Question

A baseball player pitches a fastball toward home plate at a speed of 41.0 m/s. The batter swings, connects with the ball of mass 195 g, and hits it so that the ball leaves the bat with a speed of 37.0 m/s. Assume that the ball is moving horizontally just before and just after the collision with the bat.A. What is the impulse delivered to the ball by the bat? Enter a positive value if the impulse is in the direction the bat pushes the ball and enter a negative value if the impulse is in the opposite direction the bat pushes the ball. (kg m/s)B. If the bat and ball are in contact for 3.00 ms, what is the magnitude of the average force exerted on the ball by the bat? (kN)

Answer 1

Given:

Initial velocity, vi = 41.0 m/s

Mass of ball, m = 195 g = 0.195 kg

Final velocity, vf = 37.0 m/s

Assuming the ball is moving horizontally just before and after collision with the bat, let's solve for the following:

• (A).
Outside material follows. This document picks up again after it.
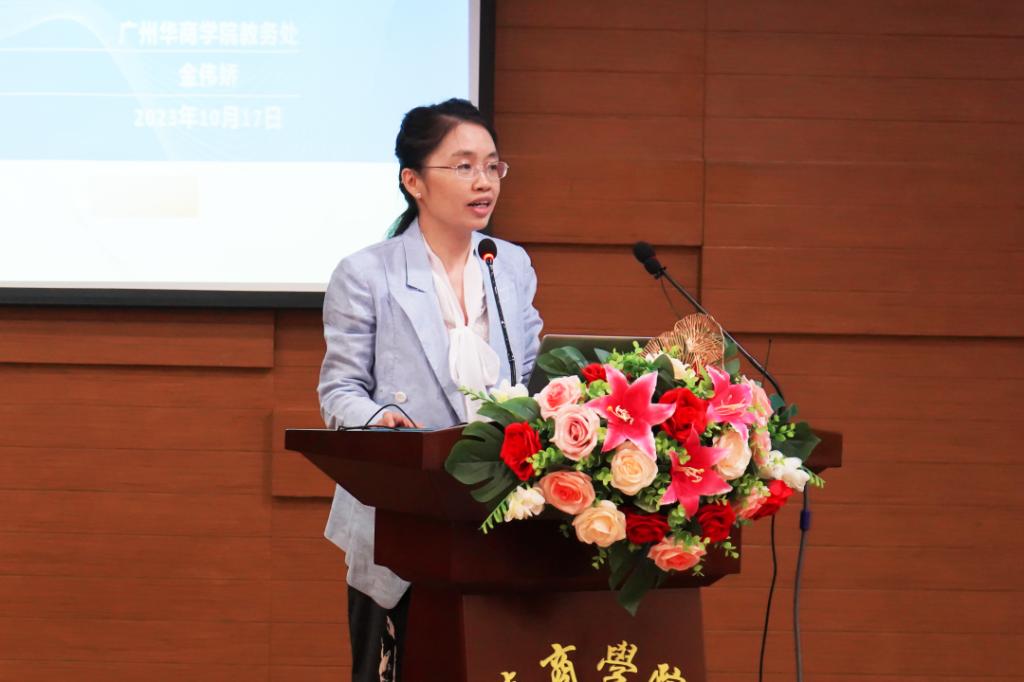 支戈壁副校长从时间和空间两个维度为新教职工进行校史教育,她围绕学校概况和学校“三个五年”发展历史,向各位新入职教职工详细地介绍学校的建设历程与发展节点,并着力阐述了我校师资队伍建设、国际化教育、实验平台建设、科研建设、教学建设与改革等8个方面所取得的突破与创新。支校长强调,建校18年来,学校始终坚持“创百年名校,育华夏英才”的宏伟目标。未来,学校将继续实施“立足大湾区,面向全国,走向世界”战略布局,以服务粤港澳大湾区经济社会发展为导向,形成以商科为主体,文科、工科和其他学科协调发展的办学格局,形成以学习者为中心的个性化教育新形态,构建与未来社会新技术、新业态、新职业相适应的人才培养体系,全面推进具有鲜明特色的高水平应用型大学建设。

What is the impulse delivered to the ball by the bat?

To find the impulse, apply the change in momentum formula:

`\Delta p=p_f-p_i`

Where:

pi is the initial momentum = -mvi

pf is the final momentum = mvf

Thus, we have:

`\begin{gathered} \Delta p=mv_f-(-mv_i) \\ \\ \Delta p=mv_f+mv_i \\ \\ \Delta p=m(v_f+v_i) \\ \\ \Delta p=0.195(37.0+41.0) \\ \\ \Delta p=15.21\text{ kg}\cdot\text{ m/s} \end{gathered}`

Impulse can be said to equal change in momentum.

Therefore, the impulse delivered to the ball by the bat is 15.21 kg.m/s away from the bat.

• (B). If the bat and ball are in contact for 3.00 ms, what is the magnitude of the average force exerted on the ball by the bat?

Apply the formula:

`\text{ Impulse = Force }\ast\text{ time}`

Rewrite the formula for force:

`\text{ Force=}(impulse)/(time)`

Where:

time = 3.00 m/s

impulse = 15.21 kg.m/s

Hence, we have:

`\begin{gathered} \text{ F=}(15.21)/(3) \\ \\ F\text{ = 5.07 kN} \end{gathered}`

Therefore, the magnitude of the average force exerted on the ball by the bat is 5.07 kN away from the bat.

ANSWER:

(A). 15.21 kg.m/s away from the bat

(B). 5.07 kN.